DATA PROVIDED —
=== Begin Enclosure ===
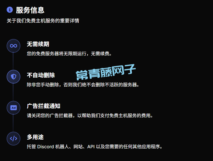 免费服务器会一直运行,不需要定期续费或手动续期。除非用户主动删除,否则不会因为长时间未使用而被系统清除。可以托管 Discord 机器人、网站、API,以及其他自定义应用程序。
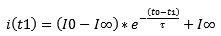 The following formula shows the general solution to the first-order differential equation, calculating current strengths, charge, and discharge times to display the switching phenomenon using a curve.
=== End Enclosure ===
=== Begin Enclosure ===
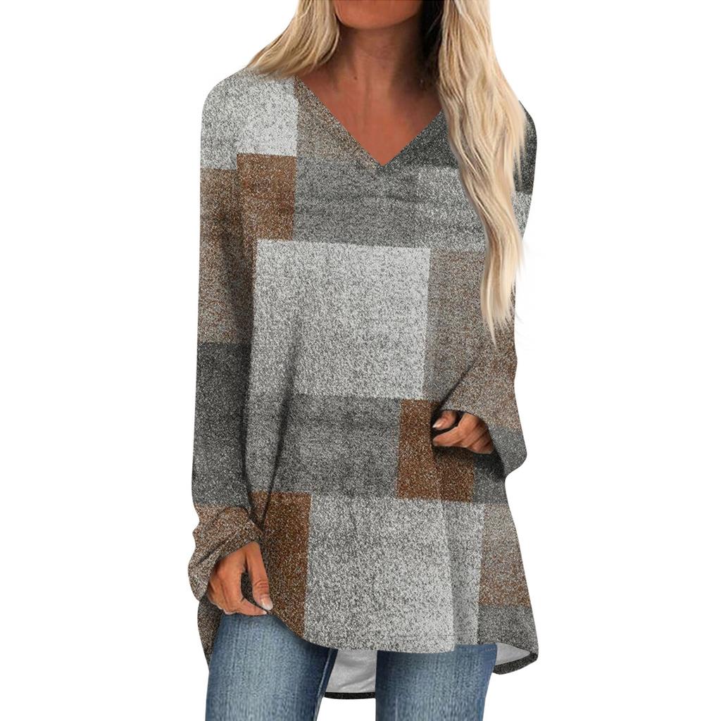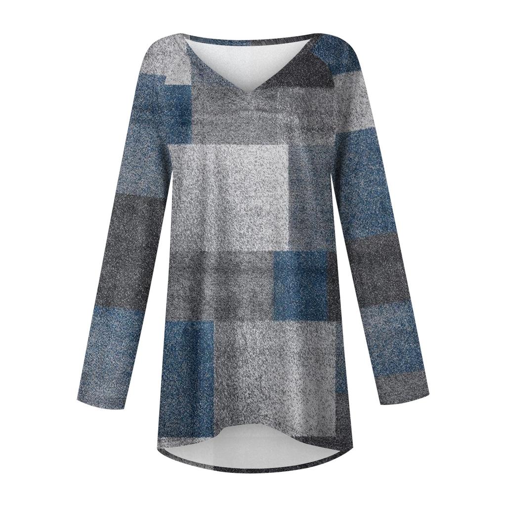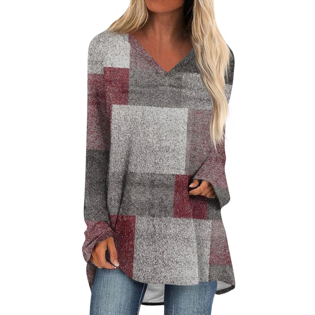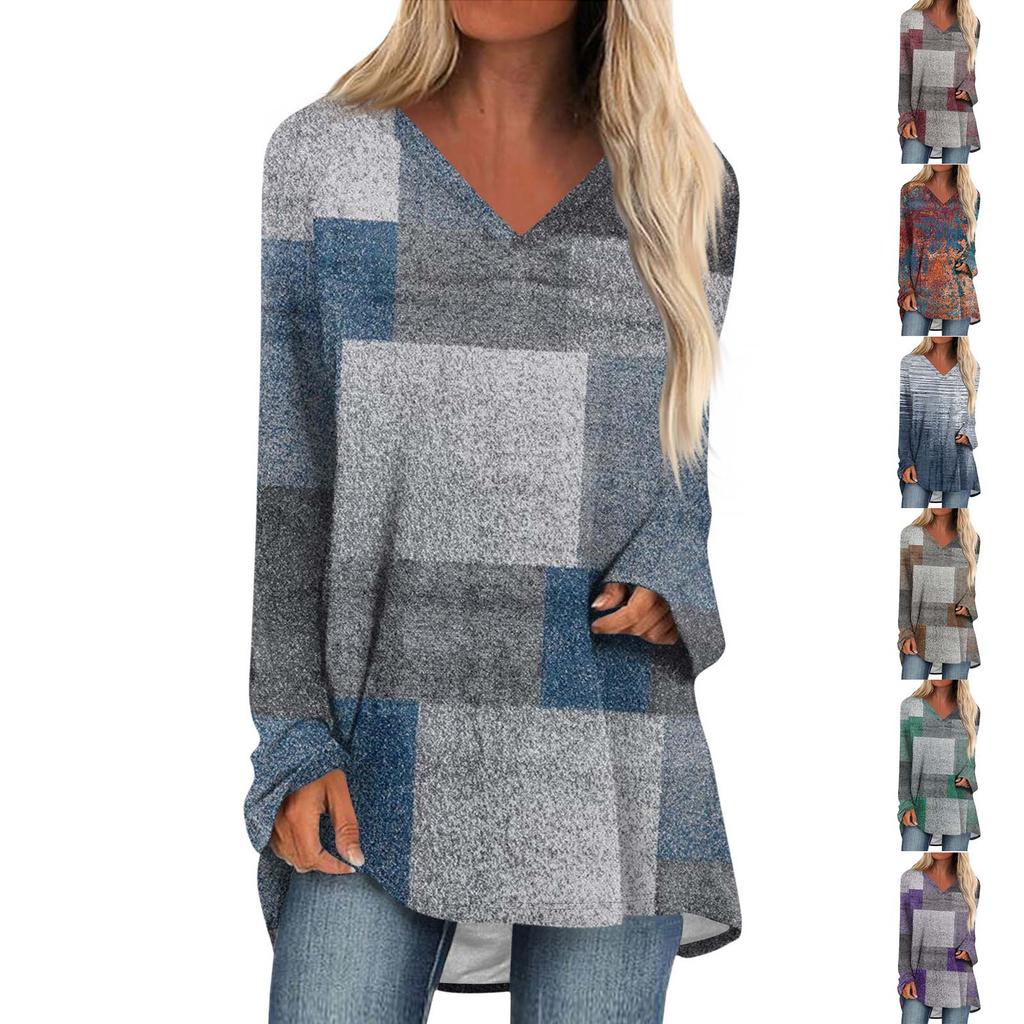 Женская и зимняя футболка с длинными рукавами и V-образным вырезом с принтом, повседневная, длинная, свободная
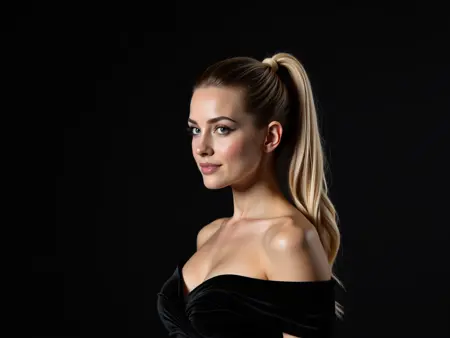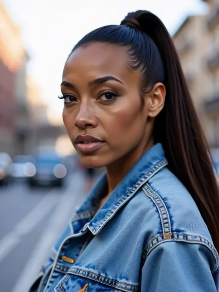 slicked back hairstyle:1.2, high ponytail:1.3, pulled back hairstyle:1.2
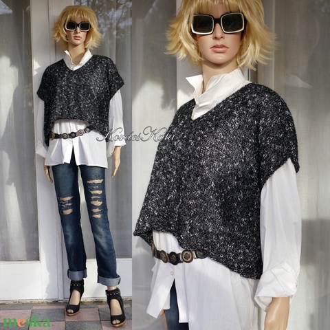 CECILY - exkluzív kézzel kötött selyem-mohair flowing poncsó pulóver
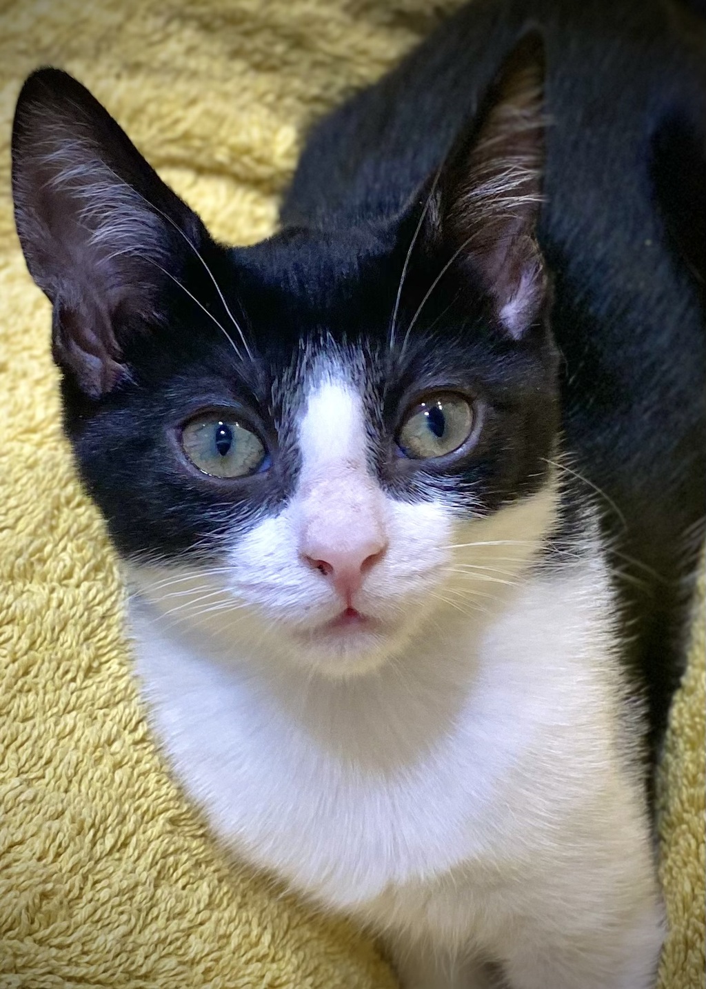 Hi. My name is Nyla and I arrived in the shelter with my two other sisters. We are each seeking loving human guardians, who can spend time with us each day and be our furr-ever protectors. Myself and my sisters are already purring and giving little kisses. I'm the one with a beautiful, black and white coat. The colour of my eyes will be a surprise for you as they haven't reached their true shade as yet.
=== End Enclosure ===
=== Begin Enclosure ===
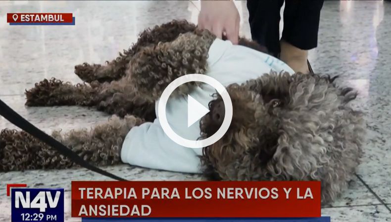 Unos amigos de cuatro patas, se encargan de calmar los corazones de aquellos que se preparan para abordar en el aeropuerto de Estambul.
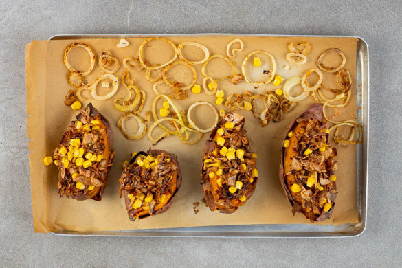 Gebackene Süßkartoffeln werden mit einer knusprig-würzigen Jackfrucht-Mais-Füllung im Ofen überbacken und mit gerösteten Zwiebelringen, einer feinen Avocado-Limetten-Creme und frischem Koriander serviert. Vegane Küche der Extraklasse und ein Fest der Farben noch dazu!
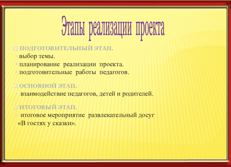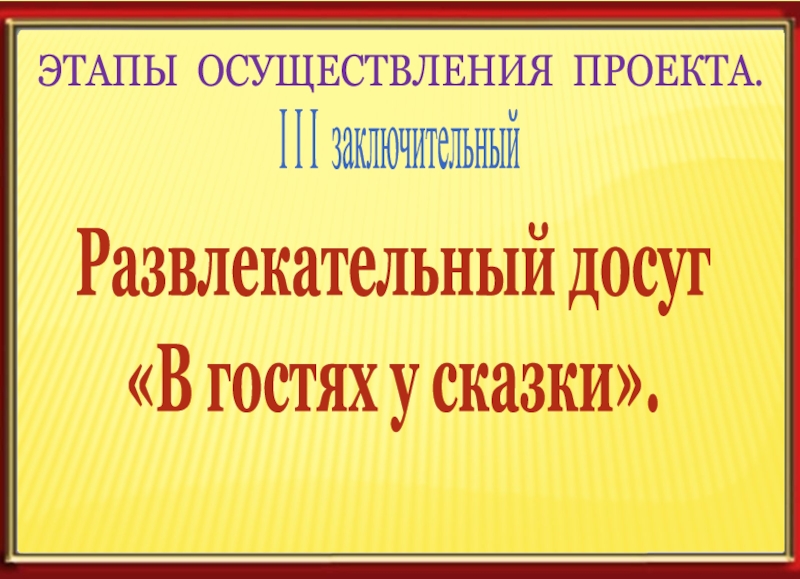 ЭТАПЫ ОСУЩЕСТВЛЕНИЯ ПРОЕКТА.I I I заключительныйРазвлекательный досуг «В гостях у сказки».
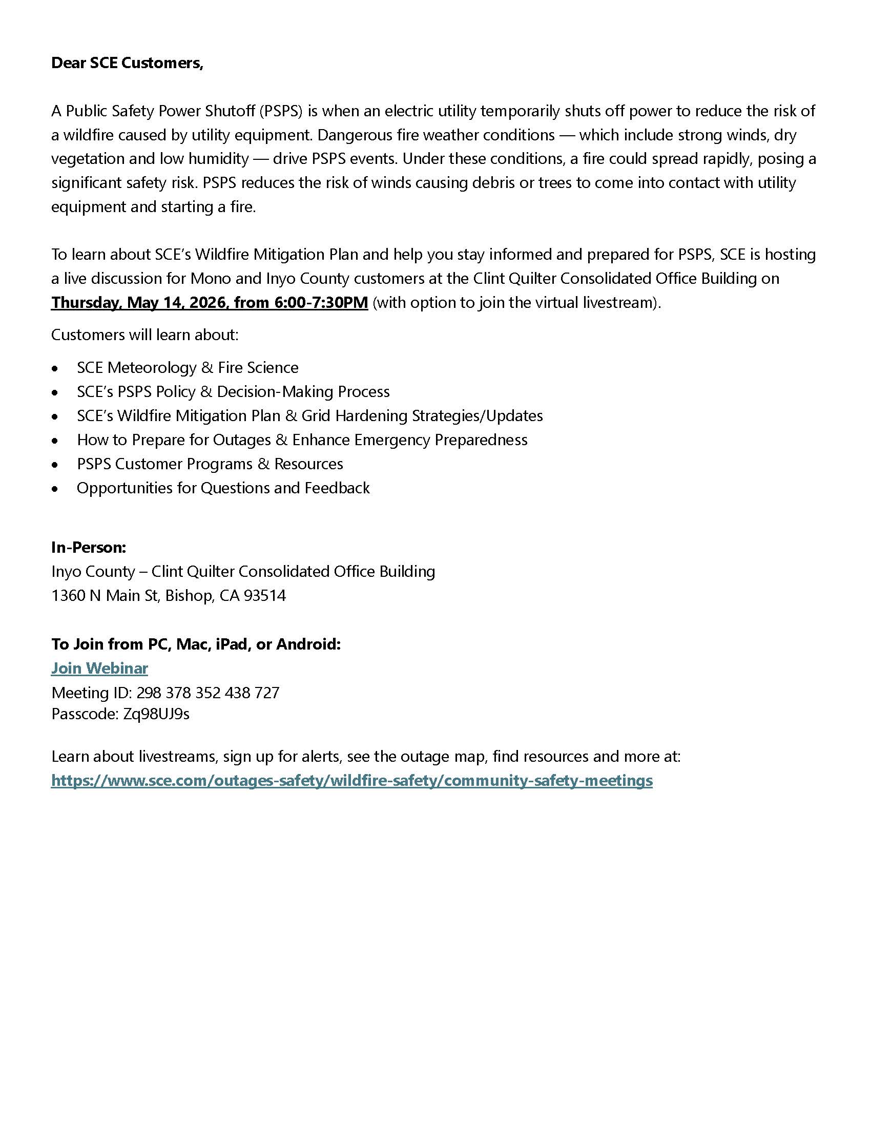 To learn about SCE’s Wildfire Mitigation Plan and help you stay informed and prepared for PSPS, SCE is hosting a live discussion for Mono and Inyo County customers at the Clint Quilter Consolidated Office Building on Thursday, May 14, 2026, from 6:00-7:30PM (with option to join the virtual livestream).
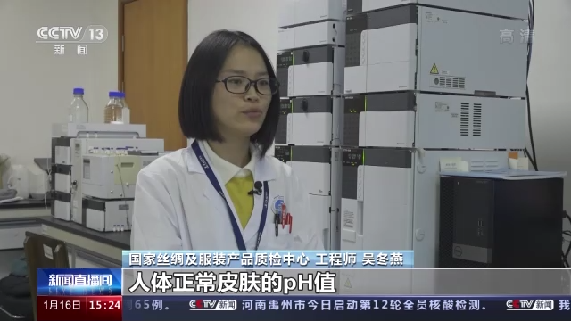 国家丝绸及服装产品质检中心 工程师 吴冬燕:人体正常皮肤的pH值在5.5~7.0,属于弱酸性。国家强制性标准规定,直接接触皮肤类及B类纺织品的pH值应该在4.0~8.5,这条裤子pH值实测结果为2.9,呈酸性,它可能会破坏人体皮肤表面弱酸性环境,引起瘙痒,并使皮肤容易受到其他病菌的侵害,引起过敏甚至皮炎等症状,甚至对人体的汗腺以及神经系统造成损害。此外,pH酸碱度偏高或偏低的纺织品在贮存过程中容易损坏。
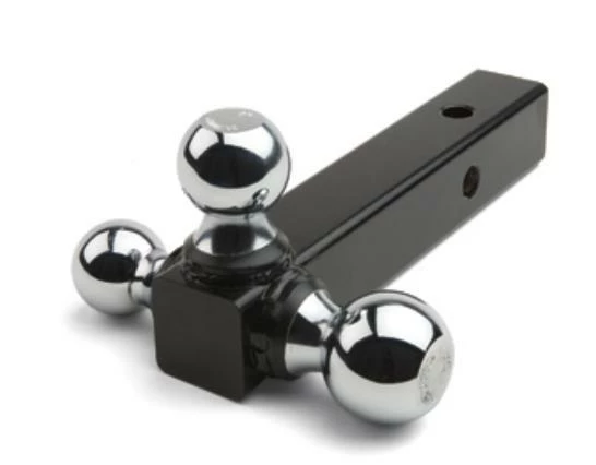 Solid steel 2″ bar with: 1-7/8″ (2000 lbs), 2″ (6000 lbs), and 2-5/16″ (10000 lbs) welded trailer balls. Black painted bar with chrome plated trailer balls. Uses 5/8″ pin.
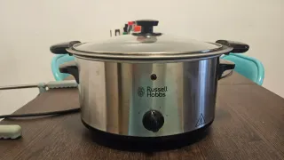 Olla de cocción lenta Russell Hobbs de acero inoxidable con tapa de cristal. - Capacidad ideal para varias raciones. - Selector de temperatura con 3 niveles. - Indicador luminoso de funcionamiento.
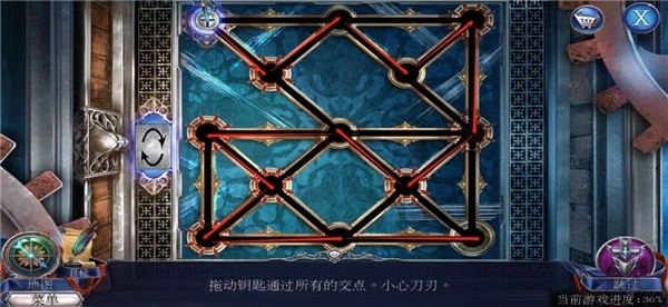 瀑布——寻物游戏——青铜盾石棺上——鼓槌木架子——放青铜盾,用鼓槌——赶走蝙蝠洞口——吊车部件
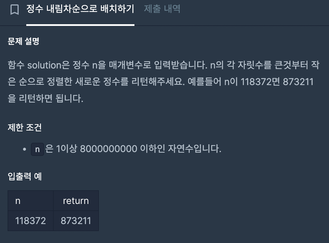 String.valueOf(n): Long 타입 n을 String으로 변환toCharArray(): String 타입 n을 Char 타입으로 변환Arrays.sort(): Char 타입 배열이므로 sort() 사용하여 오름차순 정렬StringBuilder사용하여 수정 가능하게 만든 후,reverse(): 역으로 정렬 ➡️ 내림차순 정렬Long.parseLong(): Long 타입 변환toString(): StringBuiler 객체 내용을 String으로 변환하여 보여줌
=== End Enclosure ===
TASK TO CARRY OUT — Write out, word for word, the stretch of entries that begins at the line with "Gebackene Süßkartoffeln werden" and ends at the line with "Solid steel 2″". Pictures do not belong in it.

OUTPUT BELOW —
 Gebackene Süßkartoffeln werden mit einer knusprig-würzigen Jackfrucht-Mais-Füllung im Ofen überbacken und mit gerösteten Zwiebelringen, einer feinen Avocado-Limetten-Creme und frischem Koriander serviert. Vegane Küche der Extraklasse und ein Fest der Farben noch dazu!
 ЭТАПЫ ОСУЩЕСТВЛЕНИЯ ПРОЕКТА.I I I заключительныйРазвлекательный досуг «В гостях у сказки».
 To learn about SCE’s Wildfire Mitigation Plan and help you stay informed and prepared for PSPS, SCE is hosting a live discussion for Mono and Inyo County customers at the Clint Quilter Consolidated Office Building on Thursday, May 14, 2026, from 6:00-7:30PM (with option to join the virtual livestream).
 国家丝绸及服装产品质检中心 工程师 吴冬燕:人体正常皮肤的pH值在5.5~7.0,属于弱酸性。国家强制性标准规定,直接接触皮肤类及B类纺织品的pH值应该在4.0~8.5,这条裤子pH值实测结果为2.9,呈酸性,它可能会破坏人体皮肤表面弱酸性环境,引起瘙痒,并使皮肤容易受到其他病菌的侵害,引起过敏甚至皮炎等症状,甚至对人体的汗腺以及神经系统造成损害。此外,pH酸碱度偏高或偏低的纺织品在贮存过程中容易损坏。
 Solid steel 2″ bar with: 1-7/8″ (2000 lbs), 2″ (6000 lbs), and 2-5/16″ (10000 lbs) welded trailer balls. Black painted bar with chrome plated trailer balls. Uses 5/8″ pin.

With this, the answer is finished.